A pressão cambial é o excesso de demanda por moeda estrangeira decorrente
de um fluxo estrutural de dividas negativo (NFEDcp > 0). Os instrumentos
próprios para administrar a pressão cambial são principalmente a política
monetária, de reservas cambiais e de endividamento público externo. A
variação da taxa de juros e a venda de reservas são as políticas adequadas
para controlar a pressão cambial no curto prazo. A expansão econômica, a
manutenção de câmbio competitivo e o endividamento público no exterior são
as políticas adequadas para administrar a pressão cambial para prazos
299
maiores por serem formas de aumentar o volume de financiamento de longo
prazo e de diminuir a necessidade de financiamento externo.

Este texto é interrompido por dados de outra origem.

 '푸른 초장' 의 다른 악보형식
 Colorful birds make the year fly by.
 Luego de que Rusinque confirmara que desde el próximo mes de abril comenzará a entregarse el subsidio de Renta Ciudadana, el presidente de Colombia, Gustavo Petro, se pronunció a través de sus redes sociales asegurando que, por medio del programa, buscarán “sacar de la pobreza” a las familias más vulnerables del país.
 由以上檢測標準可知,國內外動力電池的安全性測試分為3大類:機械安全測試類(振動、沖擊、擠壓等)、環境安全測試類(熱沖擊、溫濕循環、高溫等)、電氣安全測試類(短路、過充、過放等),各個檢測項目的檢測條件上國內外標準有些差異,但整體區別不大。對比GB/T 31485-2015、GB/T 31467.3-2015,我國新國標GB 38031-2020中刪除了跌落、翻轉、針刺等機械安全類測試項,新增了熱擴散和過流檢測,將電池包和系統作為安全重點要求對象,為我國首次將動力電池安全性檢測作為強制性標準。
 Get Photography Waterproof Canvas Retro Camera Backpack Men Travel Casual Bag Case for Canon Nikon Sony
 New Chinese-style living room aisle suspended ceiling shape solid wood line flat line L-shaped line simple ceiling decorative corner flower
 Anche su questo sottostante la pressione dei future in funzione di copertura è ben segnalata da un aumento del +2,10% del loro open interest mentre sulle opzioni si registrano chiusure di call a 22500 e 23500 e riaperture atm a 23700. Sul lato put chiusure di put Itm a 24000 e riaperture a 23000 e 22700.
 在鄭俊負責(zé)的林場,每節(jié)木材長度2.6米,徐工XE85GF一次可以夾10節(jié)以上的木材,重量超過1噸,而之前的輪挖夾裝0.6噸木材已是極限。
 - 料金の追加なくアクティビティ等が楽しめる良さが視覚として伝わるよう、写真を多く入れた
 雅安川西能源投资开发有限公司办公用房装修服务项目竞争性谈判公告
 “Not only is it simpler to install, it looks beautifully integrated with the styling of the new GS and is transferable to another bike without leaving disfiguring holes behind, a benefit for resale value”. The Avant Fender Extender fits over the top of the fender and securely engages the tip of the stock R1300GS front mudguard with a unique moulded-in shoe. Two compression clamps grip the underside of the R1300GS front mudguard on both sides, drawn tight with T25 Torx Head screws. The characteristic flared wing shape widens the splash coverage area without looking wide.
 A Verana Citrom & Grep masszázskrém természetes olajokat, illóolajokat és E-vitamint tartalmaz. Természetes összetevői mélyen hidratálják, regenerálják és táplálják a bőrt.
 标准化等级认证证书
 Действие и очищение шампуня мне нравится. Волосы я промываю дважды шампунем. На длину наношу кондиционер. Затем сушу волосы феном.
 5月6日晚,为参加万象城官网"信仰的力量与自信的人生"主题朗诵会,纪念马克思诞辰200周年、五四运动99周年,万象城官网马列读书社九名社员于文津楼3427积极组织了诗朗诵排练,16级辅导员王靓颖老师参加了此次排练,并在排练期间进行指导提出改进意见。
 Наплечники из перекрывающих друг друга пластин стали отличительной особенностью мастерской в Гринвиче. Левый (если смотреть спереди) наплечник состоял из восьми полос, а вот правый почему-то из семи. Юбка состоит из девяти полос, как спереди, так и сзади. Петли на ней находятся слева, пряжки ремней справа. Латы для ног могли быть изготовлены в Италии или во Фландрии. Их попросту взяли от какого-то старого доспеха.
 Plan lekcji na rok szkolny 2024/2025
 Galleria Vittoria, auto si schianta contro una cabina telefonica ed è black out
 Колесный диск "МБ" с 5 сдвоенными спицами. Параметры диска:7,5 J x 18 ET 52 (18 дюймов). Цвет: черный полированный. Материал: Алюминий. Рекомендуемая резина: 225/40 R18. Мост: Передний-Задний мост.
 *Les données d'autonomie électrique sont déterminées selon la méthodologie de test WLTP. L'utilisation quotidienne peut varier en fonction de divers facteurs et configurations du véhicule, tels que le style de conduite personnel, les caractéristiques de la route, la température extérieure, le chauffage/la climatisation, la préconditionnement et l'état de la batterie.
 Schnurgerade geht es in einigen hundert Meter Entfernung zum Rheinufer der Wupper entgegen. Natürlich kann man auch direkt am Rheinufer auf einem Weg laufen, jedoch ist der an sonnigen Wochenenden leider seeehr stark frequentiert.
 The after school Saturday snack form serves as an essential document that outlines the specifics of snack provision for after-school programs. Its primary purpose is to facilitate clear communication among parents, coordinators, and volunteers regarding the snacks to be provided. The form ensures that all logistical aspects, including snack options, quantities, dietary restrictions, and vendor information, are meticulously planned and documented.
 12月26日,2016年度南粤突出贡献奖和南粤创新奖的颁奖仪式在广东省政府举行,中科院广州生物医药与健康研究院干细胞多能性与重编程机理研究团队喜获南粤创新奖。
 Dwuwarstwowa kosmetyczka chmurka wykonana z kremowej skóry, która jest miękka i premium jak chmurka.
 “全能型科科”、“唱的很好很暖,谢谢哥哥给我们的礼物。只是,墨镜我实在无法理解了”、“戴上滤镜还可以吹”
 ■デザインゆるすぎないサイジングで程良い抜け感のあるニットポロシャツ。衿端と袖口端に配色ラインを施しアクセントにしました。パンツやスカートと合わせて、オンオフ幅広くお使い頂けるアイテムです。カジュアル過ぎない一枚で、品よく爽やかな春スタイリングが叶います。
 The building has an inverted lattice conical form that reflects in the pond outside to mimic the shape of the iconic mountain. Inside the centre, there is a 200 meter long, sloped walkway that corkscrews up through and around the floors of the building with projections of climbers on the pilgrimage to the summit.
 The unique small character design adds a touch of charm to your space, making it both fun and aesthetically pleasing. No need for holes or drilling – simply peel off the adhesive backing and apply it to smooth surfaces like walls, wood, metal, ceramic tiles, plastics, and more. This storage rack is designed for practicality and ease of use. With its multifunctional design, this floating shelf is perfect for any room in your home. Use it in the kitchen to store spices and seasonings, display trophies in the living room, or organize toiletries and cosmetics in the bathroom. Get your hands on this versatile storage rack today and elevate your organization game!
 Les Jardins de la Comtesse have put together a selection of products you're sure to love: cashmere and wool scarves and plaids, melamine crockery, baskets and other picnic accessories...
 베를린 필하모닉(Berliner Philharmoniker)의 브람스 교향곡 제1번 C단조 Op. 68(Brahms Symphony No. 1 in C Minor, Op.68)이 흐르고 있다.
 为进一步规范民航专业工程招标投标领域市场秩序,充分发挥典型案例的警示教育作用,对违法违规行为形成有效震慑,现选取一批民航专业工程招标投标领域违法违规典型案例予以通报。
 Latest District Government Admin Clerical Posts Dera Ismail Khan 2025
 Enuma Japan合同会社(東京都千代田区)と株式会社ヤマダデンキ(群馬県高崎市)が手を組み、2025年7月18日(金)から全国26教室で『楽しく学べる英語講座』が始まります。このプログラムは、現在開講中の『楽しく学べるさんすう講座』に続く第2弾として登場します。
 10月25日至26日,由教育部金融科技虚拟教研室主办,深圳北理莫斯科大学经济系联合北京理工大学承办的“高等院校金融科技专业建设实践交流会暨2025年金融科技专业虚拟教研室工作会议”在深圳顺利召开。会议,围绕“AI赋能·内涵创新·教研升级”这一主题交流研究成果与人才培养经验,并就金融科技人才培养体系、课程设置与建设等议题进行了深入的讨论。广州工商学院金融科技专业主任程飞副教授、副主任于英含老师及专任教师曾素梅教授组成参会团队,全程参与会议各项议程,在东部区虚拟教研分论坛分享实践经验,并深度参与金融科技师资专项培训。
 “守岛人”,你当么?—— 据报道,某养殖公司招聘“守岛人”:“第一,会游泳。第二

As políticas originais sugeridas pelas finanças funcionais para expansão
do emprego mantêm-se com o mesmo fim. Porém, é esperado que elas não
sejam capazes de alcançar sozinhas o pleno emprego. O crescimento do nível
de atividade tende a deteriorar no curto prazo os indicadores de solvência
externa do país, o que pode levar as políticas de administração da pressão
cambial à inoperância e, conseqüentemente, ao descontrole da taxa de câmbio
e, assim, da taxa de inflação.
Para que o crescimento econômico não implique na deterioração dos
indicadores de solvência, é necessário que o crescimento das exportações se
mantenha acima do crescimento das importações e, eventualmente, que o país
obtenha um saldo em conta corrente positivo. Os instrumentos que visam esse
fim são a política industrial, de minimização do custo do crédito de longo prazo
e a manutenção de uma taxa de câmbio competitiva.
Em especial nos países subdesenvolvidos com alta taxa de crescimento,
é necessário que o governo invista recursos suficientes na política de infra-
estrutura, para que o crescimento econômico não implique em gargalos na
infra-estrutura. Esses gargalos poderiam causar restrições físicas ao
crescimento, redução da competitividade externa ou na qualidade de vida da
população.
Sugere-se ainda que as finanças funcionais incorporem como meta uma
política de garantias mínimas e de melhorias contínuas no padrão de vida, para
que a população tenha acesso à infra-estrutura social básica e para que não
fique desamparada enquanto o pleno emprego ainda não é uma realidade.
Neste trabalho, foi dada especial atenção à taxa de juros. Buscou-se
mostrar que mesmo sob liberdade de movimento de capitais, a autonomia da
política monetária é muito grande e não há justificativas para manter taxas de
juros de curto ou longo prazo permanentemente superiores à média
internacional e mesmo sensivelmente superiores às taxas americanas. Se essa
proposição estiver realmente correta, o controle de capitais não seria
imprescindível à redução dos juros. O controle de capitais é uma política
eficaz e, muito provavelmente, é a melhor solução para uma política de
300
“gestão” dos fluxos de capital especulativo. Mas pode ser desnecessária para a
retomada do processo de crescimento acelerado.
Não temos a pretensão de que essas propostas sejam a melhor solução
para a adaptação da teoria das finanças funcionais para os problemas da
restrição externa, em particular com relação às breves exposições sobre
política industrial, de infra-estrutura e social. Buscamos apenas sugerir
soluções para as insuficiências da versão original que fossem coerentes com
seus objetivos e método. Esperamos que essas propostas possam contribuir
para reacender o debate sobre a validade das finanças funcionais nas
condições contemporâneas. Em particular, desejamos que a viabilidade das
promessas contidas na teoria de Abba Lerner possa novamente ser colocada
como centro das discussões sobre política econômica e de desenvolvimento.